(Records supplied begins)

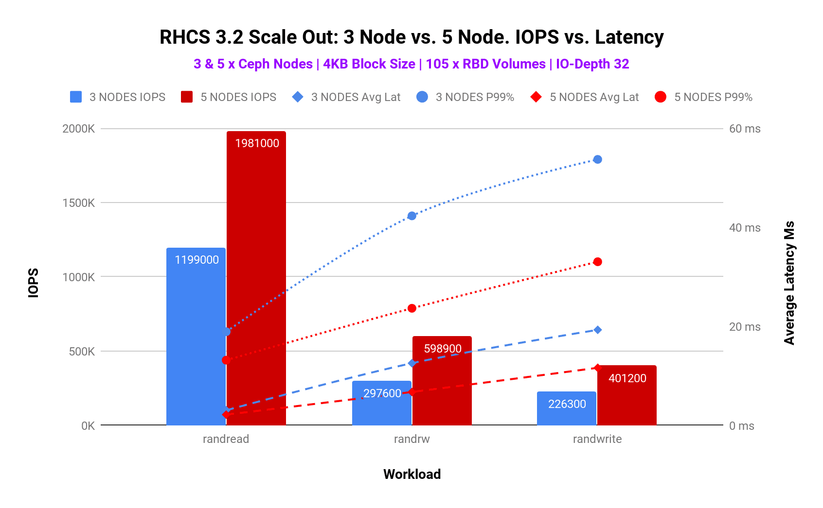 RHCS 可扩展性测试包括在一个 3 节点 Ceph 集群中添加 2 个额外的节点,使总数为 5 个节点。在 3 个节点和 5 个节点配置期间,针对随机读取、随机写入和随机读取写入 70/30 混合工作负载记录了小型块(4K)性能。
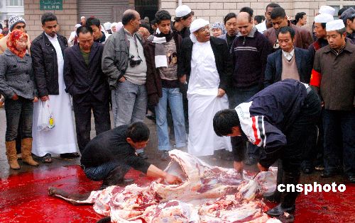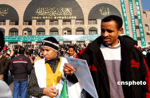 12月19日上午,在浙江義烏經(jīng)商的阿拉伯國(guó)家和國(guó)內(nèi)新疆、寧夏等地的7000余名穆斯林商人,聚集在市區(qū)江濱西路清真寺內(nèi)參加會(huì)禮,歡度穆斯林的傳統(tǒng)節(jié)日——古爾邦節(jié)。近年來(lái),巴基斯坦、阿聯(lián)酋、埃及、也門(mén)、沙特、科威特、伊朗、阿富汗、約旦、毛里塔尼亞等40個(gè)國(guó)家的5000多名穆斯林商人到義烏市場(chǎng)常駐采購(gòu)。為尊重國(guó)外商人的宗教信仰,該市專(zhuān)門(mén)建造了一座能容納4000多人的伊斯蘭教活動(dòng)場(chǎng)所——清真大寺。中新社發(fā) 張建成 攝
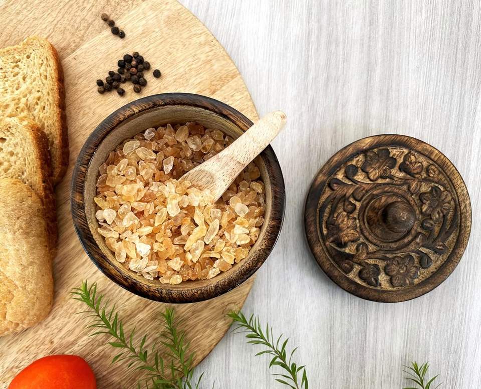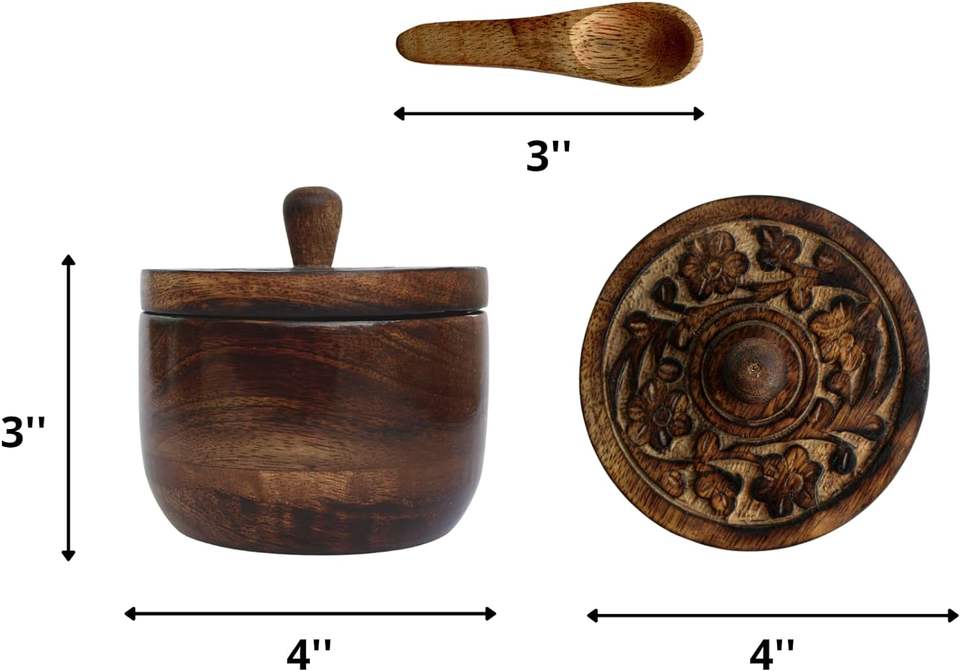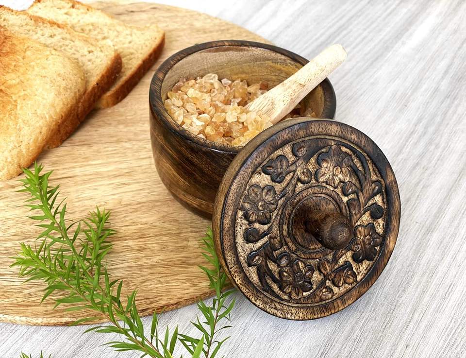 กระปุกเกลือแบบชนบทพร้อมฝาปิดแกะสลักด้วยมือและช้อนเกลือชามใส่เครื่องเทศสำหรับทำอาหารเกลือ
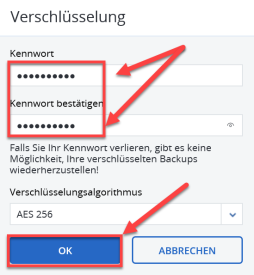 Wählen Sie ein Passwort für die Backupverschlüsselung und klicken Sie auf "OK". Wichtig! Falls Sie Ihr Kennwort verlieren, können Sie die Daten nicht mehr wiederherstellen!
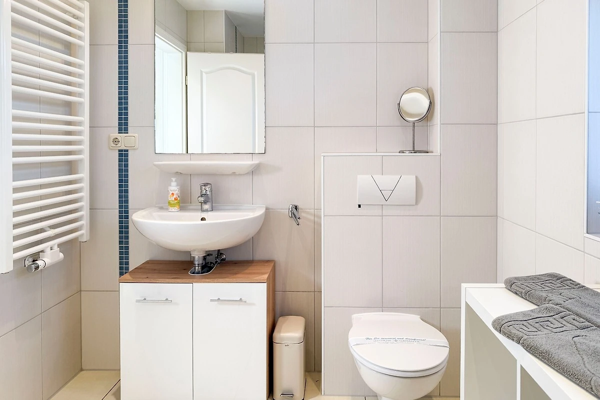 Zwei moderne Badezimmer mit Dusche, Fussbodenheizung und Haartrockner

(Records supplied ends)

- **Your assignment**
Please write out all the data again word for word, but not the pictures.

- **Exercise solution**
 RHCS 可扩展性测试包括在一个 3 节点 Ceph 集群中添加 2 个额外的节点,使总数为 5 个节点。在 3 个节点和 5 个节点配置期间,针对随机读取、随机写入和随机读取写入 70/30 混合工作负载记录了小型块(4K)性能。
 12月19日上午,在浙江義烏經(jīng)商的阿拉伯國(guó)家和國(guó)內(nèi)新疆、寧夏等地的7000余名穆斯林商人,聚集在市區(qū)江濱西路清真寺內(nèi)參加會(huì)禮,歡度穆斯林的傳統(tǒng)節(jié)日——古爾邦節(jié)。近年來(lái),巴基斯坦、阿聯(lián)酋、埃及、也門(mén)、沙特、科威特、伊朗、阿富汗、約旦、毛里塔尼亞等40個(gè)國(guó)家的5000多名穆斯林商人到義烏市場(chǎng)常駐采購(gòu)。為尊重國(guó)外商人的宗教信仰,該市專(zhuān)門(mén)建造了一座能容納4000多人的伊斯蘭教活動(dòng)場(chǎng)所——清真大寺。中新社發(fā) 張建成 攝
 กระปุกเกลือแบบชนบทพร้อมฝาปิดแกะสลักด้วยมือและช้อนเกลือชามใส่เครื่องเทศสำหรับทำอาหารเกลือ
 Wählen Sie ein Passwort für die Backupverschlüsselung und klicken Sie auf "OK". Wichtig! Falls Sie Ihr Kennwort verlieren, können Sie die Daten nicht mehr wiederherstellen!
 Zwei moderne Badezimmer mit Dusche, Fussbodenheizung und Haartrockner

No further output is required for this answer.